Take a close look at the 1970s version of Candy Land above. I played with the exact same board as a kid, mostly with babysitters who patiently endured Candy Land marathons on Friday nights while my parents were off at fondue parties. Everything on this board looks rather sweet and benign, well, unless you’re a parent who seriously fears sugary treats. The kids are certainly cute and wholesome looking.
Now check out the newer 1990s board, the second image in the gallery. I picked up this version at San Francisco’s Thrift Town when my daughter was in preschool. Notice some of the new characters who have joined the game such as Queen Frostine and Princess Lolly. Cutesy but still sweet.
The third image shows the newest 2010 version featuring the same Candy Land cast—although with all-new looks and much slimmer figures. It’s hard to make out the characters so look at the fourth image in the gallery of Queen Frostine.
Queen Frostine looks as if she made a trip to Los Angeles to get nipped and tucked before making an appearance on the 2010 board. She certainly dropped some serious cash on a haircut and highlights and picked up some diamonds on Rodeo Drive. And it looks as if she put in her time with a personal trainer—as she’s got a Barbie doll–thin waist.
Yes, Candy Land has gotten what Peggy Orenstein over at TheAtlantic.com describes as a “hot makeover.” Orenstein, who often writes about the sexualization of childhood and authored the book Cinderella Ate my Daughter, put together a blog post showing the evolution of the beloved board game that takes players on an adventure through a land filled with treats.
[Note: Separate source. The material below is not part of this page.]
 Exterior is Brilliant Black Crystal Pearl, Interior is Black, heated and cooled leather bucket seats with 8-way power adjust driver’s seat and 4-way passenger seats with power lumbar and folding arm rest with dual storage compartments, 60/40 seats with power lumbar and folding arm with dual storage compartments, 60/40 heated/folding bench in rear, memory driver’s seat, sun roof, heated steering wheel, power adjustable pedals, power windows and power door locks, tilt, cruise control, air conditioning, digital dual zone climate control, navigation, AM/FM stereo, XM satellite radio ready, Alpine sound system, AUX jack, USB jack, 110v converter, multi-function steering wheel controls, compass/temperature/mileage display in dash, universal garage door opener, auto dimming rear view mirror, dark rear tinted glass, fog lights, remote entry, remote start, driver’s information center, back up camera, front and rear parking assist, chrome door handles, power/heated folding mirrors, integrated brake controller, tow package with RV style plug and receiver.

She points out how the characters have been sexed up: The Princess Lolly (above) waist is now super-skinny and Queen Frostine looks like a “Bratz” doll.
But Candy Land isn’t the only classic children’s toy to receive a sexy makeover in the last decade.
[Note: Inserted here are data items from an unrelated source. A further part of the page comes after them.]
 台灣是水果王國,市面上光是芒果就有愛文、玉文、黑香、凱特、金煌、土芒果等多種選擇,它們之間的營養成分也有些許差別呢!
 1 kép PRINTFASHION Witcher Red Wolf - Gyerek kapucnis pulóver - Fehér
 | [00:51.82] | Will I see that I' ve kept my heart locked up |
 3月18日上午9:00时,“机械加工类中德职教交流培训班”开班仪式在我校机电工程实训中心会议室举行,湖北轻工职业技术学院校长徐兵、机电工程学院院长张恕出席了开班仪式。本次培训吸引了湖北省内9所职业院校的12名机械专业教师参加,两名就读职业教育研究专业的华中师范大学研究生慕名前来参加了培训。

The Strawberry Shortcake of my 1970s youth was freckle-faced, rosy-cheeked and slightly plump. She carried around a pink cat named Calico and wore a ruffly dress and brown sensible shoes. She looked about 6 or 7 years old, which seemed appropriate because that was the age of the girls playing with this doll.
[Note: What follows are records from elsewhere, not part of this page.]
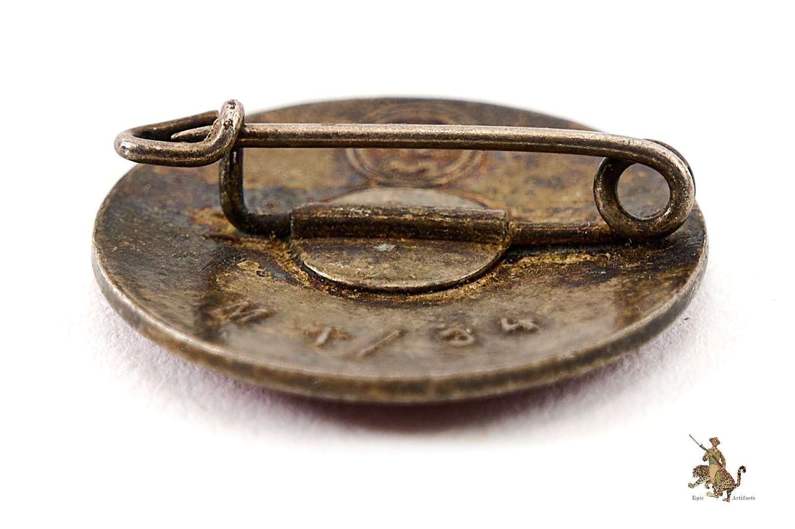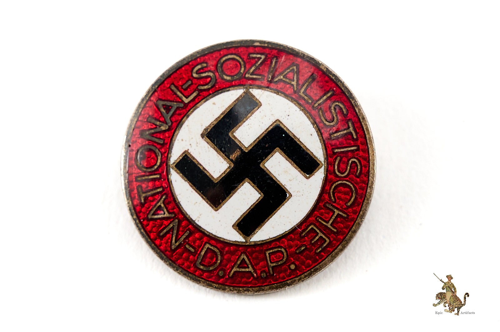 A well-preserved example of the Nationalsozialistische Deutsche Arbeiterpartei (NSDAP) Party Membership Pin, featuring the standard enamel design with black swastika on a white field, encircled by red enamel with the party name. Constructed in tombac with high-quality enamel work, this pin is clearly marked to the reverse with the RZM code M1/34, identifying the maker as Karl Wurster, Markneukirchen.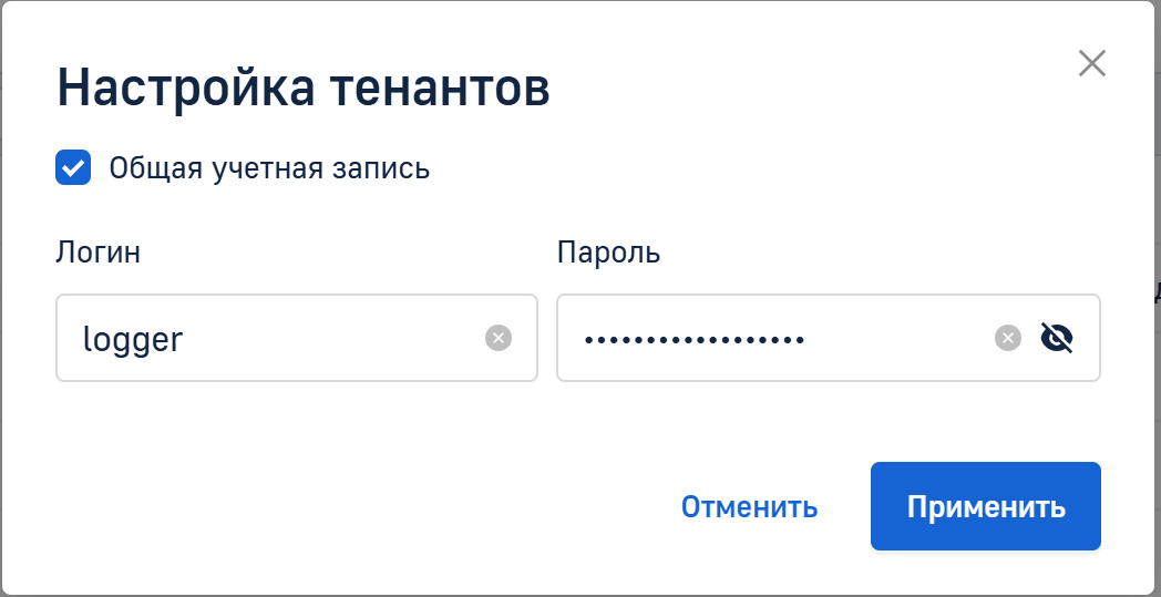 При активированном параметре Общая учетная запись, при добавлении тенанта с указанием учетных данных, Система будет использовать общую учетную запись при попытке подключения.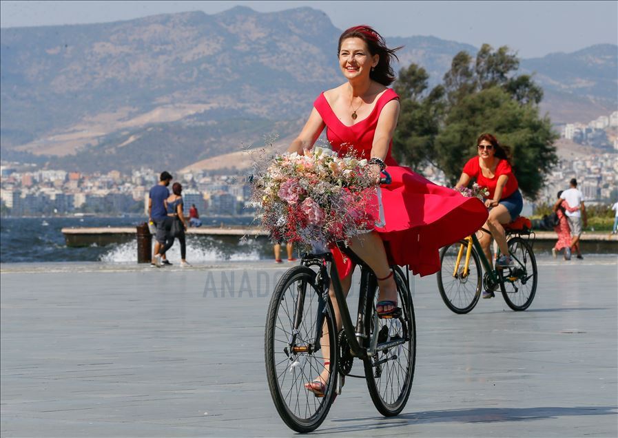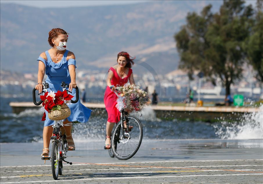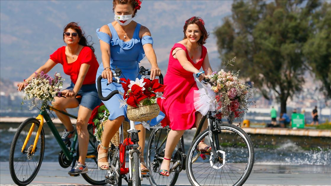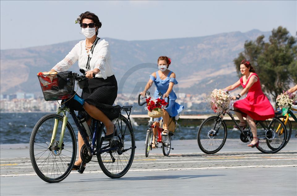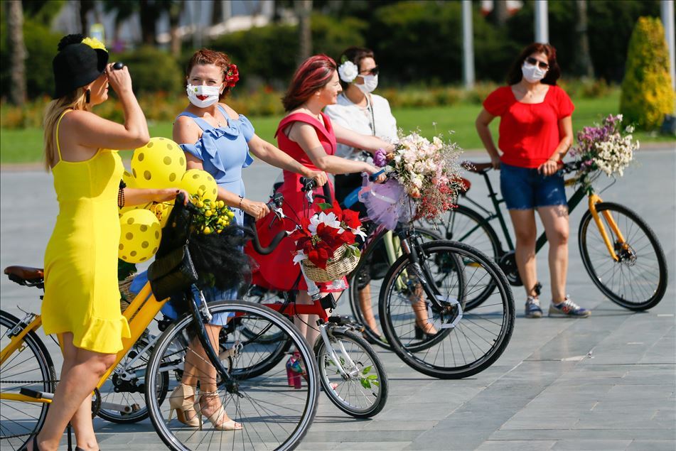 İzmirli kadınlar tarafından 7 yıl önce başlatılan ve daha sonra yurt içi ve dışında 115 şehre yayılan "Süslü Kadınlar Bisiklet Turu"nun 8'incisi bu sene, yeni tip koronavirüs (Kovid-19) salgını nedeniyle bireysel olarak gerçekleşti. Balon, çiçek ve oyuncaklarla bisikletlerini süsleyen kadınlar, Cumhuriyet Meydanı'nda bir araya geldi.

Fast-forward 30 years and the little girl with the sweet strawberry scent has lost her freckles, her round cheeks, and a lot of weight. Yes, this might be good for Michelle Obama’s “Let’s Move” campaign, but the Strawberry Shortcake of the 21st century looks more like a tween than a kindergartner with slimming clothes and a stylish haircut. Oh, and she lost her cat for a cell phone.
Dora the Explorer, Holly Hobbie, and Rainbow Brite have all gone on diets, visited the beauty salon, and started shopping at Forever 21. They’ve become yet another example of impossibly beautiful females flaunting what Orenstein describes as “unattainable” and “implausible” figures. And this isn’t good for the self image of a girl who plays with these toys. Consider this study that Orenstein describes:
In [a] study, researchers engaged three-to-five-year-old girls in games of, yes, Candy Land as well as Chutes & Ladders, asking them to choose among three game pieces—a thin one, an average-sized one and a fat one—to represent themselves. While in the past children that age showed little ability to distinguish between average and thin weights, today’s wee ones grabbed thin pieces at higher rates not only than fat ones but than those of “normal” weight. When asked by researchers to swap a thin figure for a fat one, the girls not only recoiled but some refused to even touch the chubbier game piece making comments such as, “I hate her, she has a fat stomach,” or “She is fat. I don’t want to be that one.”
It seems reasonable that toy companies would want to update the animated friends of our youth–after all many of the characters have become rather kitschy looking. Even the sweet 1970s Strawberry Shortcake looks a little dowdy. Plus, what kid of today wants to play with the same, exact toys their stodgy parents enjoyed as children?
But there’s an unsettling trend that you’ll notice as you look at the “then” and “now” toy photos above. In most cases, the girl characters have matured many years–they’ve gone from preschoolers to tweens, yet it’s still kids ages 6 and 7 who are enamored with these characters. Does a preschooler really need to play with a doll that looks like a tart?